Nexcess’ Product Manager for WordPress eCommerce on what inspired her love of tech, relying on trusted friends as advisors, and the power of hospitality.
Tiffany Bridge is originally from the Pittsburgh area, in a little town called Clairton. “My family has lived around there for generations, so I grew up with lots of aunts and uncles and cousins and second-cousins-once-removed close by, sometimes on the same block,” she says.
Bridge grew up watching Star Trek reruns with her parents, a childhood pastime that set her expectations for how we should interact with computers and what they should be able to do for us. So when the Web began making its way into homes when Bridge was in high school and college, she knew it was something she wanted to learn as much as possible about. “It felt like the beginning of my expectations finally being met!”
After completing high school, Bridge received a degree in political science. “I wasn’t expecting to go into tech,” she says. “After I finished school, I was tech-adjacent for a long time. I worked as an office manager for a dot-com (in the first dot-com bubble!) and as a tech recruiter for a staffing agency, all the while teaching myself more and more about tech in my free time.” That’s how she got started with WordPress in 2004 and then got a job managing web content for an association in DC. “I did federal web consulting for a while, spent some time freelancing, and then went to work for Automattic before ending up here. Tech has always been a fascination of mine.”
Now at Liquid Web, Bridge serves as the Product Manager for WordPress eCommerce on the Managed Apps team. “That means I spend a lot of time thinking about how to make our platforms the best place to make money with WordPress,” she says. “Sometimes that means deciding what kinds of features and add-ons to include in our plans, working with our Marketing and Sales teams to understand the needs of the whole spectrum of WordPress users, and sometimes it even means collaborating with design and development teams to imagine, prioritize, and build the features of a product like Storebuilder.”
After years of being a tech person in non-tech environments, when she finally made the leap to tech, it surprised her at first how much she didn’t want to be around computers when her workday was over. “Now that something that used to be my hobby is my full-time job, it’s the last thing I want to do on my off-hours,” she says.
When she’s not working, her favorite way to spend a day is reading a novel. “It’s hard to get that uninterrupted time as a parent, so when it happens, I don’t take it for granted. Something that’s a bit more accessible now, though, is that I will also spend a whole day in my kitchen. Cooking requires me to be present in my senses, and if you look at pretty much any form of meditation, it’s the same thing: noticing what your senses are telling you and trying to stay present in it.”
Bridge has found that career success comes when she is most aligned with her values. “It sounds hokey, but it’s true: success is so individual that if you start measuring it by the things someone else thinks are important rather than by what you know to be important, the wheels come off.”
Friends play an essential role in keeping her grounded. She moved to the Washington, DC area in her early 20s and now lives in Northeast DC with her spouse, child, and cat. “Neither of us is from here, so we’ve had to re-create that sense of nearby family with a tight group of friends.” Bridge feels she has been fortunate to have some close friends who have become both trusted advisors and hype-women when she needs it. “They haven’t written books or viral blog posts or anything like that, but they know me and what’s important to me, and they give good advice that helps me keep perspective on who I am and what I value when I’m trying to make career decisions.

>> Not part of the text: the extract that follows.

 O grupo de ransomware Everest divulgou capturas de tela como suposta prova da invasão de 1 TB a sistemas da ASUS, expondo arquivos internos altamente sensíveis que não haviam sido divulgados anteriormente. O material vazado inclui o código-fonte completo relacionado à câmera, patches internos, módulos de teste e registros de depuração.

Of course, I’ve read good books and found lessons from high-profile people, but these couple of friends have steered me, personally, better than anyone else could.”

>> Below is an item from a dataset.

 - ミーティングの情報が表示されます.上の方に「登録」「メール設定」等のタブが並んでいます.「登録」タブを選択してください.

Bridge knows that the future of women in technology depends on how we as a society support women and caregivers. “The pandemic has pushed a lot of us out of the workforce (including me for a little while), and there are no signs that, as a society, the U.S. is going to stop relying on women to pick up the slack instead of building a real social infrastructure,” she says. “Where I hope the future is going is that we forget about trying to #girlboss our way into running things like men have been and start (and in many cases continue) imagining a better future, more ethical goals for our products, more equitably distributed benefits of what we build and maintain.”
And more women in tech will mean better products for everyone. “I think a consistent challenge in the tech field is the homogeneity of folks making the product decisions. The most obvious example is abuse and moderation; many of the platforms we use have to scramble to solve their harassment problems after the fact because they were designed by people who rarely get harassed. But it’s true for a lot of things. When product decisions are made by people who don’t have experience with the problem being solved, the solutions suffer. That’s not going to get better without women and other traditionally under-represented folx getting into those rooms. We have to get there, and we have to help each other get there.”
Bridge suggests that women starting in tech be selective about whose advice they follow. “Make sure you understand their values and priorities because that will shape the advice they give you. Mentorship is great, but at your job, sponsorship is better. You need people who are going to have your back, talk up your ideas, introduce you to people, and help you raise your profile.”